Duygusal yeme, "kendini toparla" veya "sadece daha az ye" tavsiyelerinin kişiye yardımcı olmadığı ciddi bir rahatsızlıktır. Duygusal bir yeme düzeninin ortaya çıkma nedenleri karmaşık ve çeşitlidir: bunların arasında yetiştirme, olumsuz duyguların etkisi ve fizyolojik faktörler yer alır.

Fizyolojik ve duygusal açlık nasıl ayırt edilir?
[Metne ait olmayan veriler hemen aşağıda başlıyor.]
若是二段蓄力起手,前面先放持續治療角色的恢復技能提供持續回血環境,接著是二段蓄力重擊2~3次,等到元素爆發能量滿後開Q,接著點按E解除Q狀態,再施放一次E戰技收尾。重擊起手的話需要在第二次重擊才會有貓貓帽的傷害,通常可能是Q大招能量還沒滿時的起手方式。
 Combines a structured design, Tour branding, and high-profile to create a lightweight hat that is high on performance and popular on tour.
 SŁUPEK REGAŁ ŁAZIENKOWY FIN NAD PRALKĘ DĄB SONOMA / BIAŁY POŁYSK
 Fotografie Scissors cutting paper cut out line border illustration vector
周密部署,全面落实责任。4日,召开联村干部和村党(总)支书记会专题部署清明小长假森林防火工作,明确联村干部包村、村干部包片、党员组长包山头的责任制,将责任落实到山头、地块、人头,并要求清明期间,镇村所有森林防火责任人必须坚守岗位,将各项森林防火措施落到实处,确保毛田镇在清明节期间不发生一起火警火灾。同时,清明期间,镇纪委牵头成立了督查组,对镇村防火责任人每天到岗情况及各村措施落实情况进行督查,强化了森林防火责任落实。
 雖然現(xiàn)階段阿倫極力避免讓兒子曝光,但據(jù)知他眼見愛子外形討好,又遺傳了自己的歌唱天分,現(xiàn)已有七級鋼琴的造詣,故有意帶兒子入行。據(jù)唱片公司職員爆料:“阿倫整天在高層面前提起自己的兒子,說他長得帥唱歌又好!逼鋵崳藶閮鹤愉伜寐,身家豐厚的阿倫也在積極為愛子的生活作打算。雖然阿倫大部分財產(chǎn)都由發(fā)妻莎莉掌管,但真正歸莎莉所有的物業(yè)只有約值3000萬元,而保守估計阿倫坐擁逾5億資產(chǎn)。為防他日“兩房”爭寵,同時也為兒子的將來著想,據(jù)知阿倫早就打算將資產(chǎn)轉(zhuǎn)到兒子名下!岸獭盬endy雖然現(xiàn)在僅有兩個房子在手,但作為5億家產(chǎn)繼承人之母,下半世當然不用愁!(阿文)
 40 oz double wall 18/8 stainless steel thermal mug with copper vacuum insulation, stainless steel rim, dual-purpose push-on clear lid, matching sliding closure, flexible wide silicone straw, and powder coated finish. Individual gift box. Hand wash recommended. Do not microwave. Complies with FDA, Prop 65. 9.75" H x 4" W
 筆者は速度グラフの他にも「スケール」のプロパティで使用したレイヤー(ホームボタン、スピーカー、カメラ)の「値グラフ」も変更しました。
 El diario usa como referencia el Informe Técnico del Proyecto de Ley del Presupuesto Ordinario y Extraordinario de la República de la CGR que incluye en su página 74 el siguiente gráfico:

Duygusal açlığı fiziksel açlıkla karıştırmak çok kolaydır. Ancak onları ayıran özellikler vardır ve bu ince farklılıkları tanımak, duygusal yemeyi durdurmanın ilk adımıdır.

Kendinize birkaç soru sorun:

Açlık hızlı mı yoksa yavaş yavaş mı geliyor? Duygusal açlık çok aniden ortaya çıkma eğilimi gösterirken, fizyolojik açlık genellikle yavaş yavaş ortaya çıkar.

Belirli yiyecekler için canınız mı çekiyor? Duygusal açlık genellikle sağlıksız yiyecekler veya belirli bir yiyecek için istekle ilişkilendirilirken, fiziksel açlık genellikle herhangi bir yiyecekle doyurulur.

Akılsız mı yiyorsun? Akılsız yeme, ne yediğinize ve nasıl hissettirdiğine dikkat etmeden yemek yemektir. Örneğin, bir seferde televizyon izleyip bir kap dolusu dondurma yediğinizde, bu akılsız yeme ve duygusal aşırı yemenin bir örneğidir.

Açlık mideden mi yoksa kafadan mı gelir? Fizyolojik açlık, midenin guruldamasıyla belirtilirken, duygusal açlık, bir kişi yemek hakkında düşündüğünde başlama eğilimindedir.

Yemek yedikten sonra kendinizi suçlu hissediyor musunuz? Stres nedeniyle yemek yeme dürtüsüne teslim olduğumuzda, genellikle duygusal yemenin açık bir özelliği olan pişmanlık, utanç veya suçluluk duyguları yaşarız. Fizyolojik açlığı tatmin ettiğinizde, vücudunuzu olumsuz duygularla ilişkilendirmeden gerekli besinleri ve kalorileri sağlarsınız.

Dolayısıyla duygusal yeme, fizyolojik açlıktan farklı olarak oldukça yaygın bir olgudur. Bazı insanlar zaman zaman buna yenik düşerken, diğerleri bunun hayatlarını etkilediğini ve hatta sağlıklarını ve zihinsel esenliklerini tehdit edebileceğini görebilir.

Yeme alışkanlıklarınızdan kaynaklanan olumsuz duygular yaşıyorsanız ve bunları kendi başınıza değiştiremiyorsanız, bu konuda bir çözüm bulmanıza ve bu durumla başa çıkmanıza yardımcı olabilecek bir diyetisyen veya terapistle konuşmak en iyisidir.